The Civil War in the Southern Highlands: A Human Perspective

The Rural Heritage Museum at Mars Hill University opens a new exhibition, “The Civil War In the Southern Highlands: A Human Perspective,” beginning August 19, 2017, and running through March 4, 2018.

This exhibition presents an account, using rare original letters and newly-discovered documents, of the personal struggles of the people living in Madison County and the Southern Appalachian Mountains during the middle of the 19th century. The museum is open daily (except Mondays) from 11 a.m. to 5 p.m., and by appointment. It is located in Montague Hall on the university campus. Admission is free.

The exhibition includes dozens of photographs and authentic objects from the period, including a wedding dress, a jacket worn by James A. Keith, a doctor and lieutenant colonel in the Confederate Army; Confederate currency; flags; books; sabers; ammunition; a McClellan cavalry saddle; and many other objects of everyday life owned by individuals on both sides of the war.

Part of the exhibit explores the “Shelton Laurel Massacre,” an event in January 1863 in which Confederate soldiers under the direction of Lt. Col. Keith summarily arrested and executed 13 prisoners in the remote Shelton Laurel valley of Madison County. That event drove a deep wound into the rural communities of Madison County that lingers to this day.

Exhibit organizers say that, in many ways, the events in Shelton Laurel in 1863 have become emblematic of the Civil War as fought in the mountains: confused and complicated, often conducted outside the rules of war by individuals with changeable loyalties, looking only to survive. The resulting consequences were often brutal for the women, children, and former African-American slaves left to tend to the homes and farms left behind.

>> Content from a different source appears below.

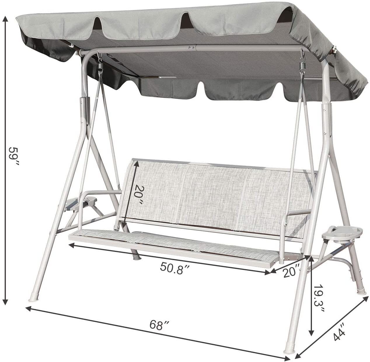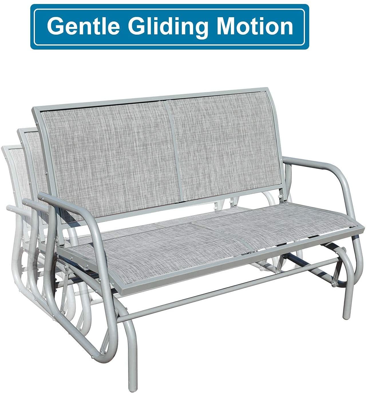 GOLDSUN 2 Person Swing Glider Chair Patio Swing Bench with Cup Holder Garden Rocking Seat for Outdoor Patio.Backyard.Deck Swimming Pool(Gray)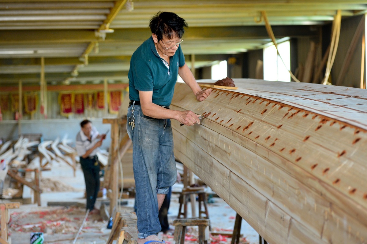 In 2018, the family's technique was listed as a city-level intangible cultural heritage. They insist on using axes, carving knives, hammers, ink sticks and other tools handed down by the old generation to build dragon boats by hand.

Exhibit organizers say they’re not picking sides or casting blame, but rather presenting viewers with the facts as they best know them. The exhibit is “an attempt to shed light on the complex, apocryphal nature of the conflict in the devastated Southern Highlands, which still reverberates deep in the hollows and gaps of the Blue Ridge,” according to museum director Les Reker.

The exhibition was curated by Max Hunt, senior writer for the Mountain Xpress newspaper, along with historian Katherine Cutshall and authors Maynard Shelton and Dan Slagle. Editing, writing, research, and design was provided by Carolyn Comeau and Ryan Phillips. This exhibition is made possible through a grant from the Madison County Tourism and Development Authority.